Data footprint reduction techniques
While data storage capacity has become less expensive on a relative basis, as data footprint continue to expand in order to support business requirements, more IT resources will be needed to be made available in a cost effective, yet QoS satisfying manner (again, refer back to figure 2). What this means is that more IT resources including server, storage and networking capacity, management tools along with associated software licensing and IT staff time will be required to protect, preserve and serve information.

By more effectively managing the data footprint across different applications and tiers of storage, it is possible to enhance application service delivery and responsiveness as well as facilitate more timely data protection to meet compliance and business objectives. To realize the full benefits of data footprint reduction, look beyond backup and offline data improvements to include online and active data using various techniques such as those in table 1 among others.

There are several methods (shown in table 1) that can be used to address data footprint proliferation without compromising data protection or negatively impacting application and business service levels. These approaches include archiving of structured (database), semi structured (email) and unstructured (general files and documents), data compression (real time and offline) and data deduplication.

 

Archiving

Compression

Deduplication

When to use

Structured (database), email and unstructured

Online (database, email, file sharing), backup or archive

Backup or archiving or recurring and similar data

Characteristic

Software to identify and remove unused data from active storage devices

Reduce amount of data to be moved (transmitted) or stored on disk or tape.

Eliminate duplicate files or file content observed over a period of time to reduce data footprint

Examples

Database, email, unstructured file solutions with archive storage

Host software, disk or tape, (network routers) and compression appliances or software as well as appearing in some primary storage system solutions

Backup and archive target devices and Virtual Tape Libraries (VTLs), specialized appliances

Caveats

Time and knowledge to know what and when to archive and delete, data and application aware

Software based solutions require host CPU cycles impacting application performance

Works well in background mode for backup data to avoid performance impact during data ingestion

Table 1: Data footprint reduction approaches and techniques

Archiving for compliance and general data retention
Data archiving is often perceived as a solution for compliance, however, archiving can be used for many other non compliance purposes. These include general data footprint reduction, to boost performance and enhance routine data maintenance and data protection. Archiving can be applied to structured databases data, semi structured email data and attachments and unstructured file data.
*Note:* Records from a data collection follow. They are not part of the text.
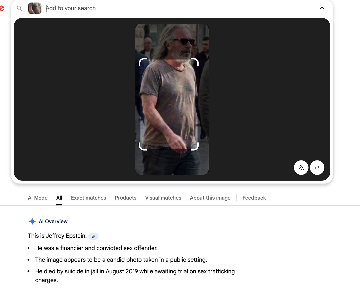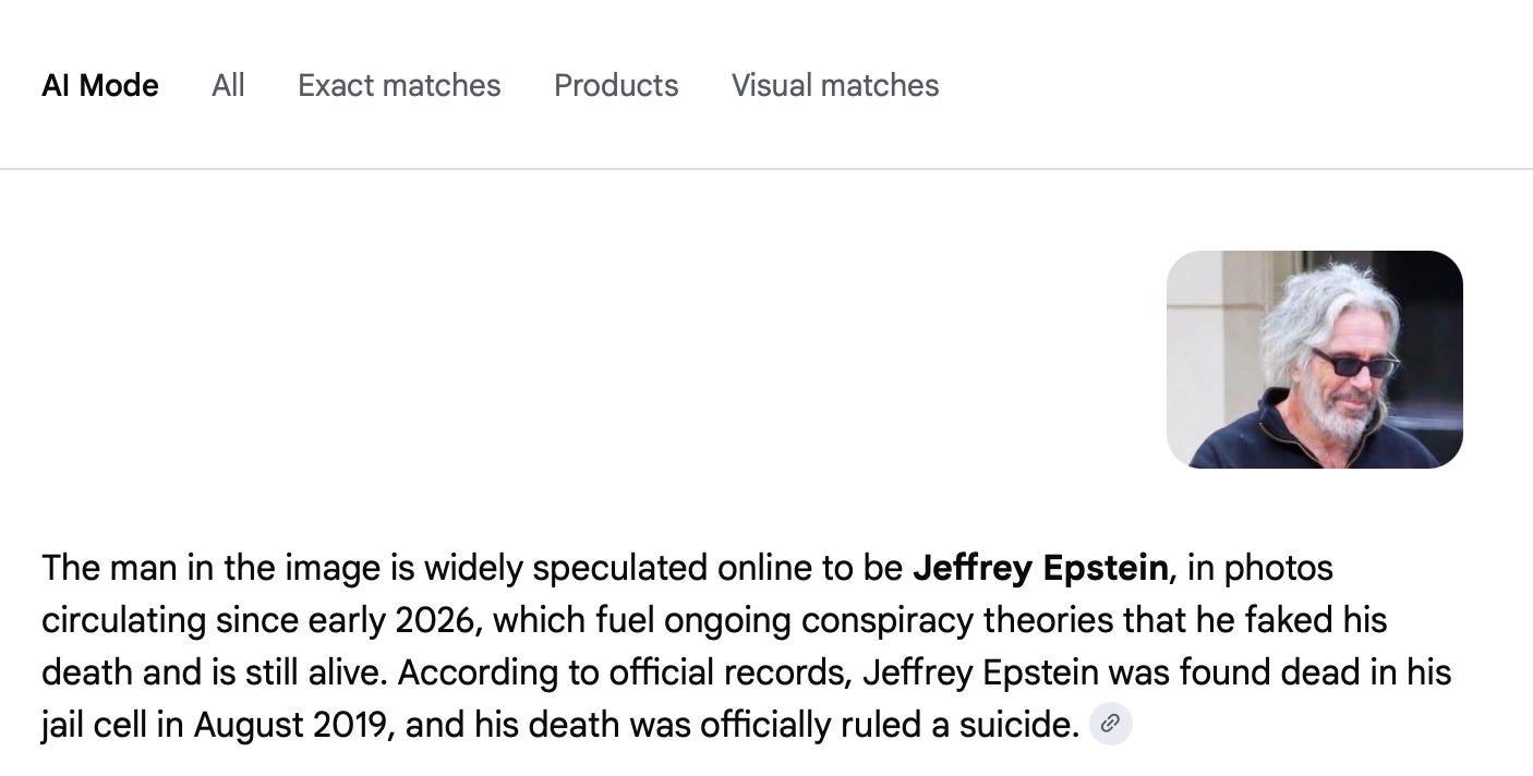 Say you’re one of those 2.2 million people, and a tiny voice in the back of your head whispers: “Maybe I should Google this.” So you do. You upload the image to Google. And Google’s AI Overview — the big, confident answer box at the top of the search results, the one Google has trained billions of people to trust — tells you: “This is Jeffrey Epstein.”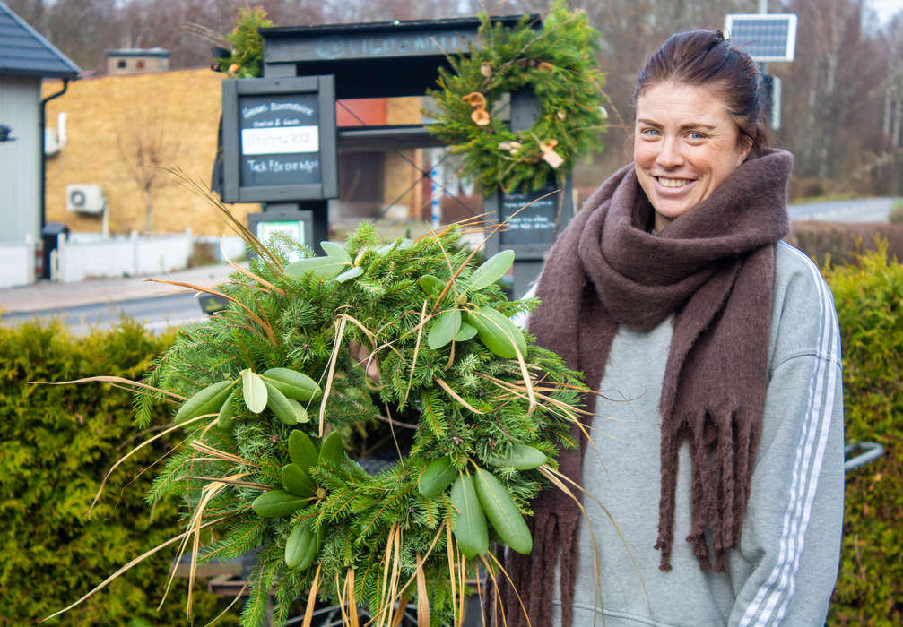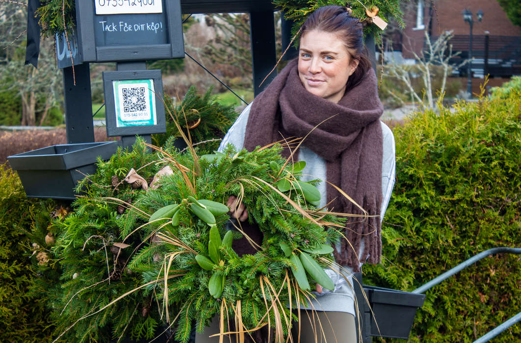 Detta gör att hon kan skapa kransar och buketter året runt, inte bara i högsäsong. Under hösten är det gravdekorationer. Under vintern juliga kransar, som ofta är gröna och naturnära, med några röda inslag. Dessutom har hon även på senare tid börjat göra buketter av torkade blommor.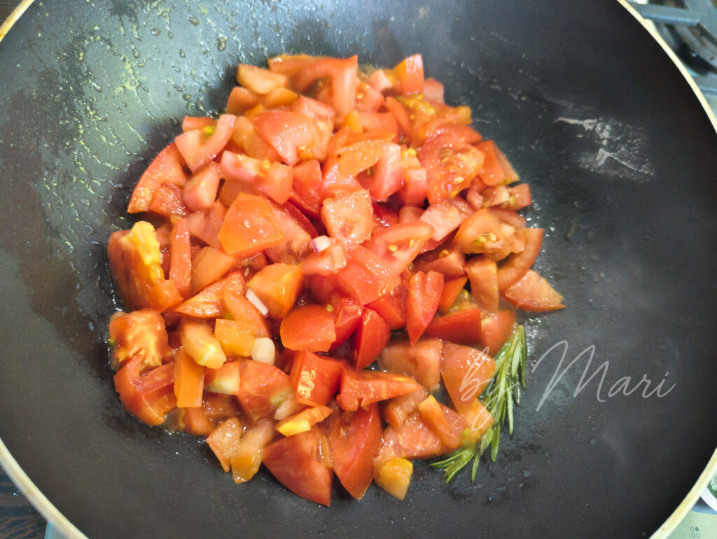 - ΠΠ° ΡΠΊΠΎΠ²ΠΎΡΠΎΠ΄Π΅ ΡΠ°Π·ΠΎΠ³ΡΠ΅ΠΉΡΠ΅ ΠΎΠ»ΠΈΠ²ΠΊΠΎΠ²ΠΎΠ΅ ΠΌΠ°ΡΠ»ΠΎ, Π΄ΠΎΠ±Π°Π²ΡΡΠ΅ Π½Π°ΡΠ΅Π·Π°Π½Π½ΡΠ΅ ΡΠΎΠΌΠ°ΡΡ. Π’ΡΡΠΈΡΠ΅, ΠΏΠΎΠΊΠ° Π½Π΅ ΠΏΠΎΠ»ΡΡΠΈΡΡΡ Π³ΡΡΡΠΎΠΉ ΡΠΎΡΡ.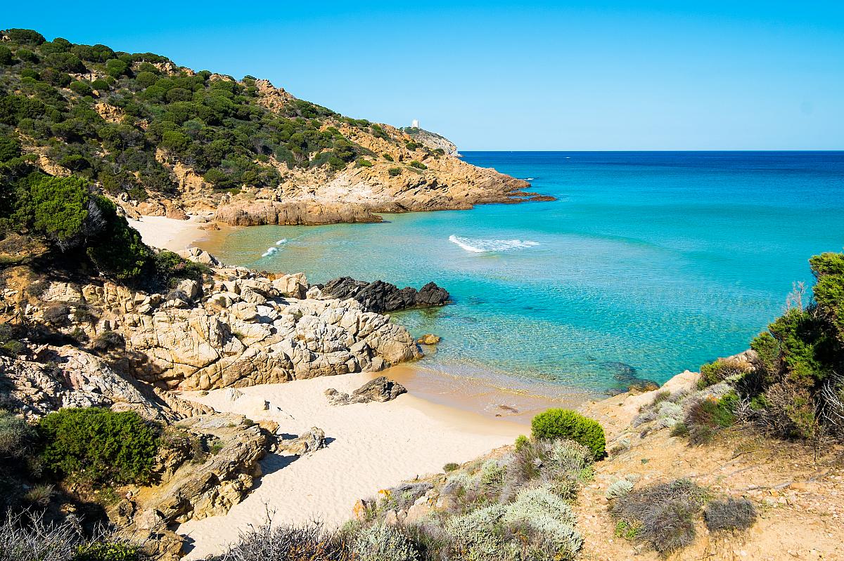 • Chia, dlouhá pláž Chia, dlouhá pláž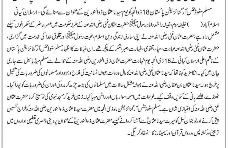 The life and character of Syedna Usman Ghani (RA) stand as a guiding light for future generations.
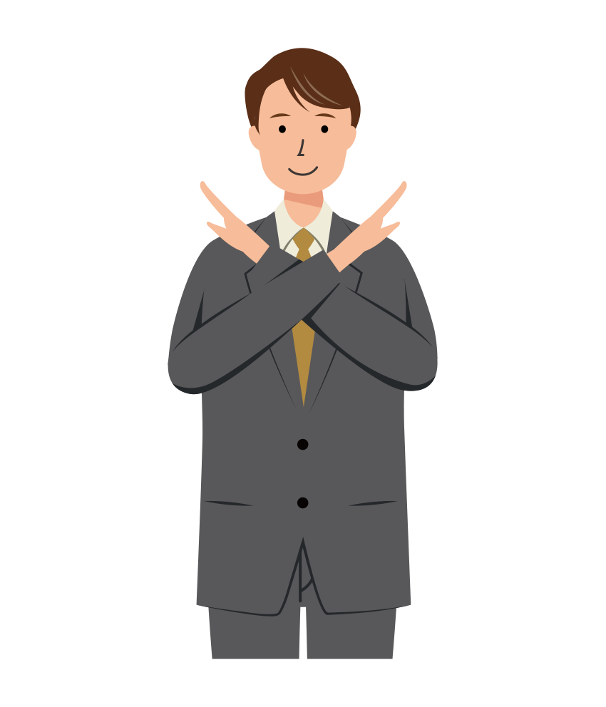 黒いスーツを着た男性会社員が、両手を使いNGサインを出している上半身イラストです。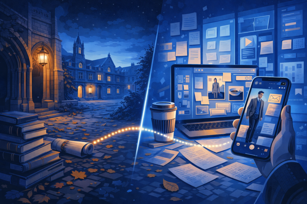 Although its inspiration is old, dark academia truly bloomed online. Tumblr, Pinterest, and later TikTok gave the aesthetic a name and shared language. Through mood boards and outfit photos, people connected over shared visuals and ideas. This rise through online culture helped shape dark academia into a modern fashion identity.

A key to deploying an archiving solution is having insight into what data exists along with applicable rules and policies to determine what can be archived, for how long, how many copies and how data ultimately may be finally retired or deleted. Archiving requires a combination of hardware, software and people to implement business rules.

A challenge with archiving is having the time and tools available to identify what data should be archived and what data can be securely destroyed when no longer needed. Further complicating archiving is that knowledge of the data value is also needed; this may well include legal issues as to who is responsible for making decisions on what data to keep or discard.

If a business can invest in the time and software tools, as well as identify which data to archive to support an effective archive strategy, the returns can be very positive towards reducing the data footprint without limiting the amount of information available for use.

Data compression (real time and offline)
Data compression is a commonly used technique for reducing the size of data being stored or transmitted to improve network performance or reduce the amount of storage capacity needed for storing data. If you have used a traditional or TCP/IP based telephone or cell phone, watched either a DVD or HDTV, listened to an MP3, transferred data over the internet or used email you have most likely relied on some form of compression technology that is transparent to you. Some forms of compression are time delayed, such as using PKZIP to zip files, while others are real time or on the fly based such as when using a network, cell phone or listening to an MP3.

Two different approaches to data compression that vary in time delay or impact on application performance along with the amount of compression and loss of data are loss less (no data loss) and lossy (some data loss for higher compression ratio). In addition to these approaches, there are also different implementations of including real time for no performance impact to applications and time delayed where there is a performance impact to applications.

In contrast to traditional ZIP or offline, time delayed compression approaches that require complete decompression of data prior to modification, online compression allows for reading from, or writing to, any location within a compressed file without full file decompression and resulting application or time delay. Real time appliance or target based compression capabilities are well suited for supporting online applications including databases, OLTP, email, home directories, web sites and video streaming among others without consuming host server CPU or memory resources or degrading storage system performance.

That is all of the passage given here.